Assignment: In the entries that follow, find the line containing "2022 Topps Heritage" and the line containing "안녕하세요. 고등학생 개발자", then retype exactly the lines from the first through the second, pictures excluded.

Recorded data:
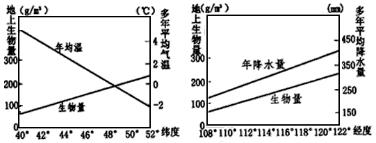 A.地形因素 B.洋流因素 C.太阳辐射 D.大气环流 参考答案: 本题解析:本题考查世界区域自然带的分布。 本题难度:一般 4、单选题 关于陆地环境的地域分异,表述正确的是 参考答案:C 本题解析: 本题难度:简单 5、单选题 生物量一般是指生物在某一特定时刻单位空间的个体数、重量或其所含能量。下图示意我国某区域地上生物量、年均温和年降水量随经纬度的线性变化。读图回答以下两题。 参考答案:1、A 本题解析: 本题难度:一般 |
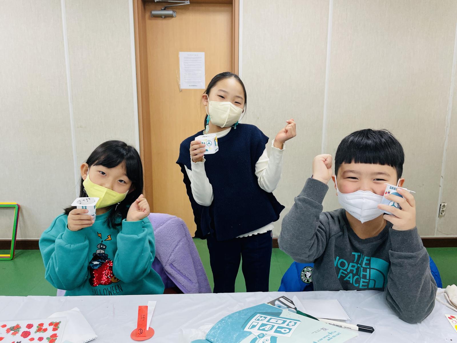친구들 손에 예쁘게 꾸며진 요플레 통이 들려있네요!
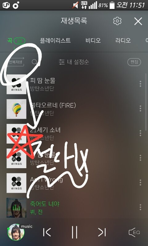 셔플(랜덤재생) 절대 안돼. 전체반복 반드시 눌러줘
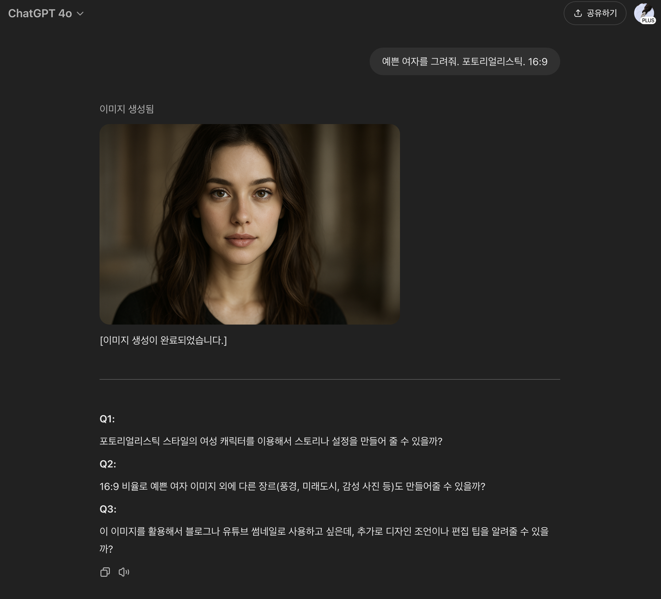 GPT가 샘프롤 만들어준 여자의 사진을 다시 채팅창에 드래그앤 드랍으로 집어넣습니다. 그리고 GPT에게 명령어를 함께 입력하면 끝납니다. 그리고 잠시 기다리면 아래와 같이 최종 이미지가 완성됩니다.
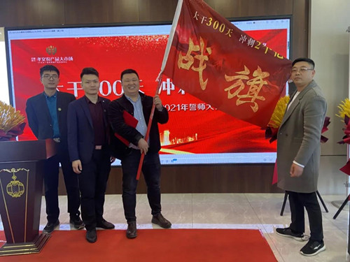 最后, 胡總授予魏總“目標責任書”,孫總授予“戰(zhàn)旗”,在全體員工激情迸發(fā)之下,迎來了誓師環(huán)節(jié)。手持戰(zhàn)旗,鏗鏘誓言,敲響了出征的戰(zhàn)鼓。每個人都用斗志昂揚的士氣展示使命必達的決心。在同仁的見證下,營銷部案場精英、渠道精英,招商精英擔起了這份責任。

--

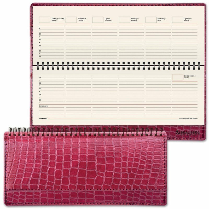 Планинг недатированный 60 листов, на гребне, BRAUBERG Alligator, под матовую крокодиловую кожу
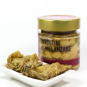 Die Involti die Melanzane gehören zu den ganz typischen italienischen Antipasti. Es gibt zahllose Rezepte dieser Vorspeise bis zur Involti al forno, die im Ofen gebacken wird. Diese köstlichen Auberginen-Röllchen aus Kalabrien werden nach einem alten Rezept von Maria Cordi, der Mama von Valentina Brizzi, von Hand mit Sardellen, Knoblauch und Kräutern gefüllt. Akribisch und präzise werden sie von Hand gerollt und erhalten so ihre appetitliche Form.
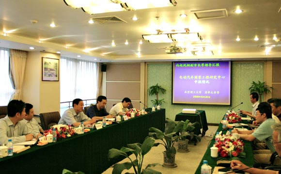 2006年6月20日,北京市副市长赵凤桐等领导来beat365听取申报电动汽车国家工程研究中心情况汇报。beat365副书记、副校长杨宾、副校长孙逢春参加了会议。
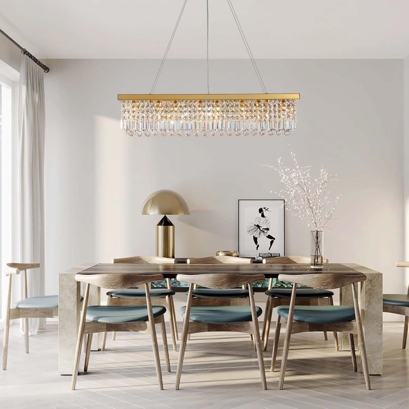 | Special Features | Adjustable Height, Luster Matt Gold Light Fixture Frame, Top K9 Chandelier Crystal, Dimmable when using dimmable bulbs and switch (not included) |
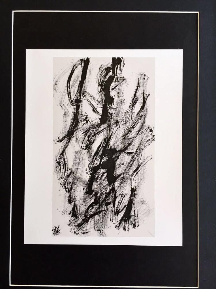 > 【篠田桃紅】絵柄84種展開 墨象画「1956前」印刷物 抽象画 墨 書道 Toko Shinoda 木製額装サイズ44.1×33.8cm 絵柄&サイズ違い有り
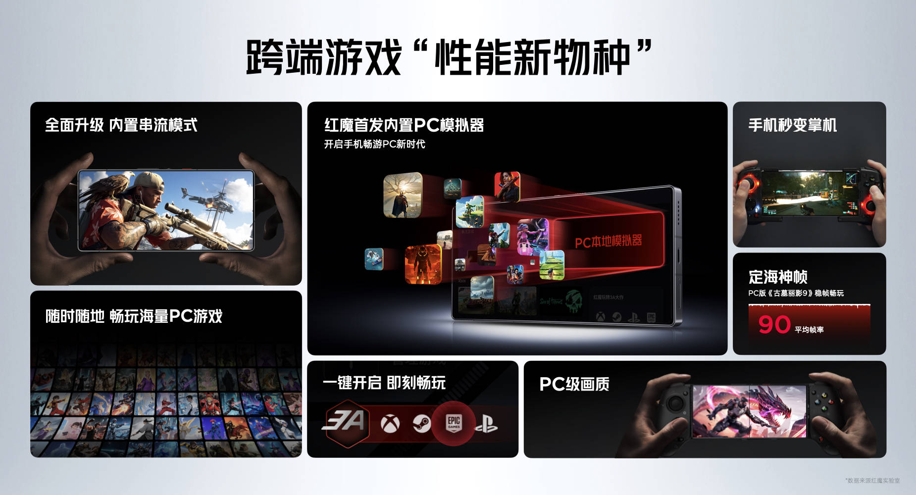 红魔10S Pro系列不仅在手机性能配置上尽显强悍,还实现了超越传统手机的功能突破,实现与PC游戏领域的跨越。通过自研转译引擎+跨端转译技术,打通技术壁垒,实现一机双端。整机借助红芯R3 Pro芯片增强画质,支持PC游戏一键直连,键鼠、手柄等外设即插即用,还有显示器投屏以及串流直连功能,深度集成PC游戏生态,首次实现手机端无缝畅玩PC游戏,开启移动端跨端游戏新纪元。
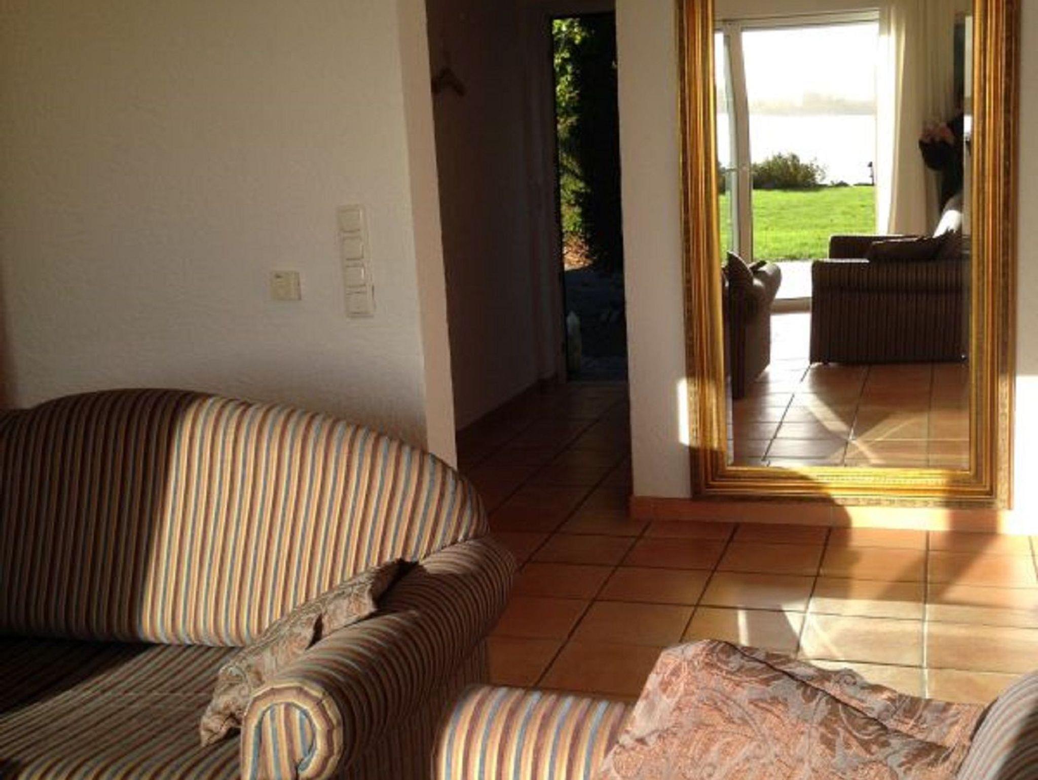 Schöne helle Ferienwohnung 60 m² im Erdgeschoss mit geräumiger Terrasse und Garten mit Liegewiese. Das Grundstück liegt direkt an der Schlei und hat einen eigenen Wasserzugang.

---

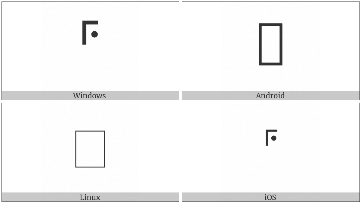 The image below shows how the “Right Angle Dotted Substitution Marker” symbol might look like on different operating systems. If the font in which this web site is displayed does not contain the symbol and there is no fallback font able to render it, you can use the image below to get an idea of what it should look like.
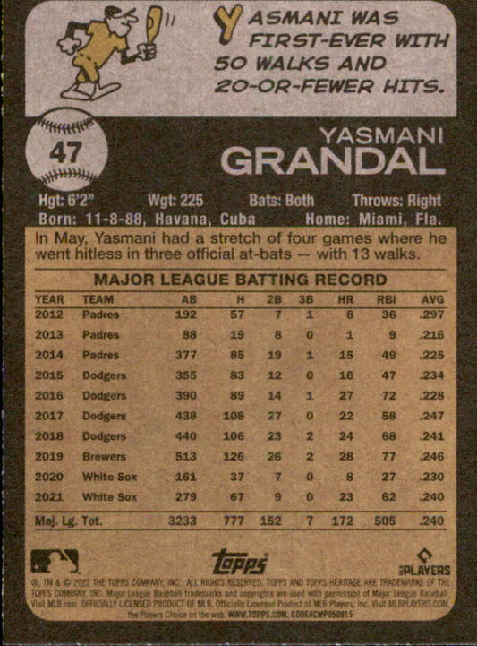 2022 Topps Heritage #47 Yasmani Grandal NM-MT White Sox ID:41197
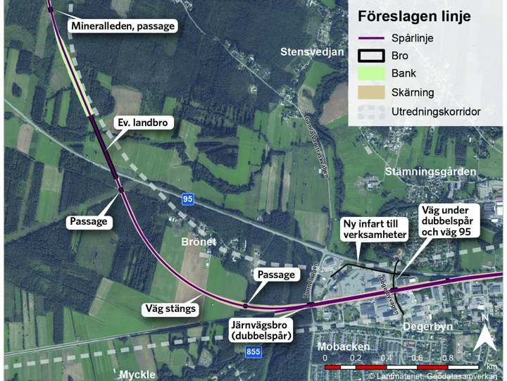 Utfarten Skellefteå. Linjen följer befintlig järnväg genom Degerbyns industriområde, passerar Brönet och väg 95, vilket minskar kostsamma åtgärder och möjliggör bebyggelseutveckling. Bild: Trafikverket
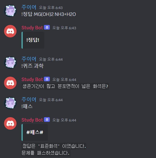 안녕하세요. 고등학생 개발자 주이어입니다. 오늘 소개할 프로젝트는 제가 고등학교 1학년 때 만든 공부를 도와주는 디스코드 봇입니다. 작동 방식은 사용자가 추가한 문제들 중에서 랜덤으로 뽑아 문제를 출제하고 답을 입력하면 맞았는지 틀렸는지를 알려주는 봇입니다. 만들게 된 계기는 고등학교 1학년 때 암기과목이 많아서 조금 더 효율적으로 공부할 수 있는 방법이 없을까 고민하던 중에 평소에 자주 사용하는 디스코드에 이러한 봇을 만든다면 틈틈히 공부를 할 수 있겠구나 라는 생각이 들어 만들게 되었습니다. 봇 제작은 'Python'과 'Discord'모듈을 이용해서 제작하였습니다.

Output of the task:
 2022 Topps Heritage #47 Yasmani Grandal NM-MT White Sox ID:41197
 Utfarten Skellefteå. Linjen följer befintlig järnväg genom Degerbyns industriområde, passerar Brönet och väg 95, vilket minskar kostsamma åtgärder och möjliggör bebyggelseutveckling. Bild: Trafikverket
 안녕하세요. 고등학생 개발자 주이어입니다. 오늘 소개할 프로젝트는 제가 고등학교 1학년 때 만든 공부를 도와주는 디스코드 봇입니다. 작동 방식은 사용자가 추가한 문제들 중에서 랜덤으로 뽑아 문제를 출제하고 답을 입력하면 맞았는지 틀렸는지를 알려주는 봇입니다. 만들게 된 계기는 고등학교 1학년 때 암기과목이 많아서 조금 더 효율적으로 공부할 수 있는 방법이 없을까 고민하던 중에 평소에 자주 사용하는 디스코드에 이러한 봇을 만든다면 틈틈히 공부를 할 수 있겠구나 라는 생각이 들어 만들게 되었습니다. 봇 제작은 'Python'과 'Discord'모듈을 이용해서 제작하였습니다.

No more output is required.